Boucadair & Jacquenet    Expires April 10, 2014                 [Page 1]

Internet-Draft                   On SDN                     October 2013

   This document is subject to BCP 78 and the IETF Trust's Legal
   Provisions Relating to IETF Documents
   ( in effect on the date of
   publication of this document.  Please review these documents
   carefully, as they describe your rights and restrictions with respect
   to this document.  Code Components extracted from this document must
   include Simplified BSD License text as described in Section 4.e of
   the Trust Legal Provisions and are provided without warranty as
   described in the Simplified BSD License.

Table of Contents

   1.  Introduction  . . . . . . . . . . . . . . . . . . . . . . . .   2
   2.  Introducing Software-Defined Networking . . . . . . . . . . .   4
     2.1.  A Tautology?  . . . . . . . . . . . . . . . . . . . . . .   4
     2.2.  On Flexibility  . . . . . . . . . . . . . . . . . . . . .   4
     2.3.  A Tentative Definition  . . . . . . . . . . . . . . . . .   5
     2.4.  Functional Meta-Domains . . . . . . . . . . . . . . . . .   5
   3.  A Few Considerations  . . . . . . . . . . . . . . . . . . . .   6
     3.1.  Remember The Past . . . . . . . . . . . . . . . . . . . .   6
     3.2.  Be Pragmatic  . . . . . . . . . . . . . . . . . . . . . .   7
     3.3.  Measure Experience Against Expectations . . . . . . . . .   8
     3.4.  Design Carefully  . . . . . . . . . . . . . . . . . . . .   9
     3.5.  There Is Life Beyond OpenFlow . . . . . . . . . . . . . .   9
     3.6.  Non Goals . . . . . . . . . . . . . . . . . . . . . . . .   9
   4.  Discussion  . . . . . . . . . . . . . . . . . . . . . . . . .  10
     4.1.  Implications Of Full Automation . . . . . . . . . . . . .  10
     4.2.  Bootstrapping An SDN  . . . . . . . . . . . . . . . . . .  11
     4.3.  The Intelligence Resides In The PDP . . . . . . . . . . .  12
     4.4.  Simplicity And Adaptability Vs. Complexity  . . . . . . .  13
     4.5.  Performance And Scalability . . . . . . . . . . . . . . .  13
     4.6.  Risk Assessement  . . . . . . . . . . . . . . . . . . . .  14
     4.7.  On Security . . . . . . . . . . . . . . . . . . . . . . .  14
   5.  IANA Considerations . . . . . . . . . . . . . . . . . . . . .  14
   6.  Security Considerations . . . . . . . . . . . . . . . . . . .  14
   7.  Acknowledgements  . . . . . . . . . . . . . . . . . . . . . .  14
   8.  Informative References  . . . . . . . . . . . . . . . . . . .  15
   Authors' Addresses  . . . . . . . . . . . . . . . . . . . . . . .  16

1.  Introduction

   The Internet has become the federative network that supports a wide
   range of service offerings.  The delivery of network services such as
   IP VPNs assumes the combined activation of various capabilities that
   include (but are not necessarily limited to) forwarding and routing
   capabilities (e.g., customer-specific addressing scheme management,
   dynamic path computation to reach a set of destination prefixes,
   dynamic establishment of tunnels, etc.), quality of service

Boucadair & Jacquenet    Expires April 10, 2014                 [Page 2]

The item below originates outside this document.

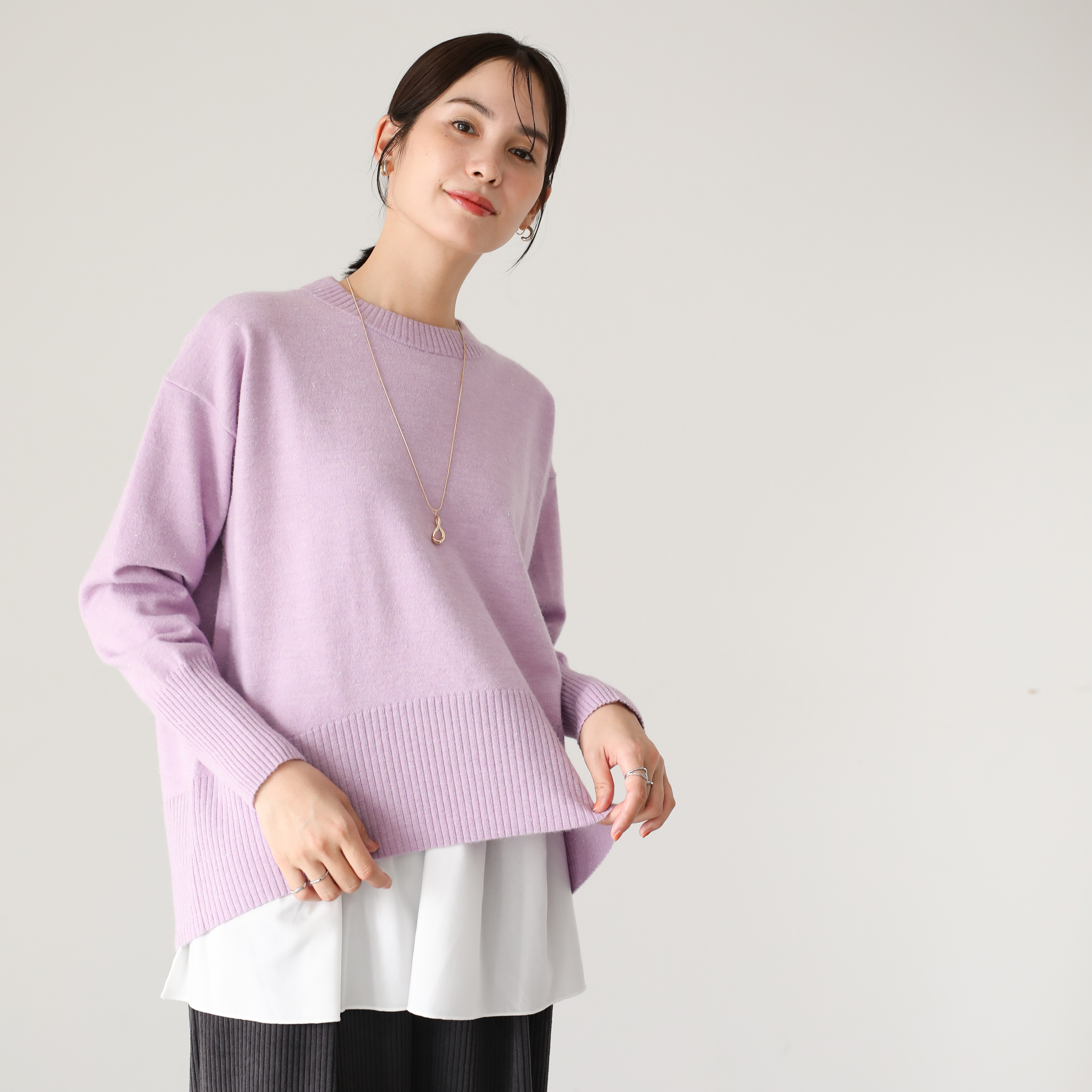 3,490円(税込)ふわふわもっちもちでちくちくしない、春先まで着られるニットです! ほどよいサイズのクルーネックで首元すっきり、レイヤーコーデにも重宝する着丈感で、さまざまな着こなしを楽しめます♪
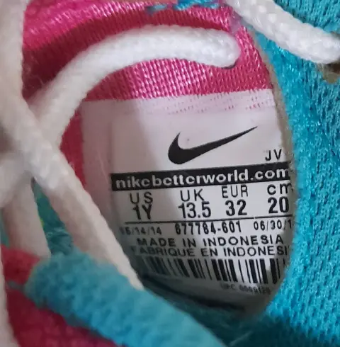Cómodos tenis para niña marca Nike talla US 1Y UK 13.5 Eur 32 Cm 20

Internet-Draft                   On SDN                     October 2013

   capabilities (e.g., traffic classification and marking, traffic
   conditioning and scheduling), security capabilities (e.g., filters to
   protect customer premises from network-originated attacks, to avoid
   malformed route announcements, etc.) and management capabilities
   (e.g., fault detection and processing).

   As these services not only grow in variety but also in complexity,
   their design, delivery and operation have become a complex alchemy
   that often requires various levels of expertise.  This situation is
   further aggravated by the wide variety of (network) protocols and
   tools, as well as recent Any Time Any-Where Any Device
   (ATAWAD)-driven convergence trends that are meant to make sure an
   end-user can access the whole range of services he/she has subscribed
   to, whatever the access and device technologies, wherever the end-
   user is connected to the network, and whether this end-user is in
   motion or not.

   Yet, most of these services have been deployed for the past decade,
   primarily based upon often static service production procedures that
   are more and more exposed to the risk of erroneous configuration
   commands.  In addition, most of these services do not assume any
   specific negotiation between the customer and the service provider or
   between service providers besides the typical financial terms.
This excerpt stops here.